4.3 statement representation and its format
The term represents this term in the "HNC theory", and the previous section has added HNC modifiers in front, which means that there are various statement representations. But we have never been defined for the statement to represent the next definition. Here, it is recommended to use the following definition: put each statement unit in a certain order, and form a certain statement representation.
According to this definition, the Jomsky's S = NP VP represents the statement of the statement representation, as it specifies the order of the statement units, but does not guarantee a certain sense, and its generation capability is known, The Joe self-mocking name quote is illustrated.

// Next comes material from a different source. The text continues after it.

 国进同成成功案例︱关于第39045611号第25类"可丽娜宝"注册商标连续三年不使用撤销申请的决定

Why does Johnot does not have the qualifications of the statement? Simply put, it is because his statement unit is improperly selected, and the next level of the next level of the phrase is directly adopted.

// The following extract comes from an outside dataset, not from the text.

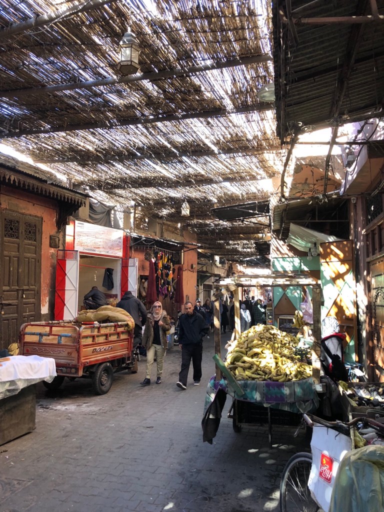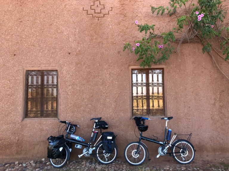After arriving, we spent a day in Marrakech, putting our bikes together and wandering the narrow and labyrinthine passages of the old city’s souks. We assemble our bikes, enjoy a delicious dinner at a food stall in the central market, and fall asleep at our riad, Palais Khum.

Indicates the basis of the formula HNC 21 to act as a statement representation of the statement, because it specifies a smallest essential condition for a statement: the type and number of the main language block. This sentence seems to have a "more than", one "not pass". "More than" is "having a certain meaning", "unless" is "minimum full essential condition".

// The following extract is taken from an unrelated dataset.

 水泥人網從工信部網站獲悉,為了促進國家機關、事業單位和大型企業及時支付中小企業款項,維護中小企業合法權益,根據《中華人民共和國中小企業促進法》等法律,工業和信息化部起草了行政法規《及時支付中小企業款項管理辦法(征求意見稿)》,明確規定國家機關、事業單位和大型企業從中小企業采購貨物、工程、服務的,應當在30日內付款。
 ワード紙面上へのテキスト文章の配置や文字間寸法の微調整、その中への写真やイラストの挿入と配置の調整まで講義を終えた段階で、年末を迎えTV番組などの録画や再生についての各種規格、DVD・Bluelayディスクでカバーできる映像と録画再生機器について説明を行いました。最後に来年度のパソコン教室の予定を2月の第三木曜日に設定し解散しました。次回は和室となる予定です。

The reason why "more" said: Since it is a statement, of course, it is certain, add this modification word not to draw a snake? This question is to answer from two aspects. First, "certain" here is not "certain", but a series of "must", these specifiers are all specific clauses. Second, the meaningless statement can be "produced" by Jojo, and the literature and linguistics masters often play the meaningless language game, standing in the "computer-oriented" position, need Appropriate limitations for "meaning". Therefore, adding the modified words "certain meaning" is necessary.
The reason why "not passing" is: since it is full necessary conditions, there is no "minimum". This issue also needs to answer from two aspects. First, the meaning of the statement not only decides on the type and number of semantic blocks, but also determines their sorting. Second, the meaning of the statement is mainly determined in the main language, but the contribution of the subject block can not be ignored, sometimes even exceeds the main language. Due to these two reasons, the "The Types of the Secondary Block" is just a "minimum value" of the statement with a sense of meaning. The full essential condition of strict mathematics does not have a "smallest", but the language borrows mathematical concepts, it is not necessary to take a "supernatural" method, this is another example.
So, what order is arranged in what sequential blocks in the formula HNC 21 can be constituted in order to constitute a statement representation? Don't underestimate this problem, it involves many basic language phenomena, roots, such as the style of the Siwen, the syntax function of the preposition, the "put" words of Chinese.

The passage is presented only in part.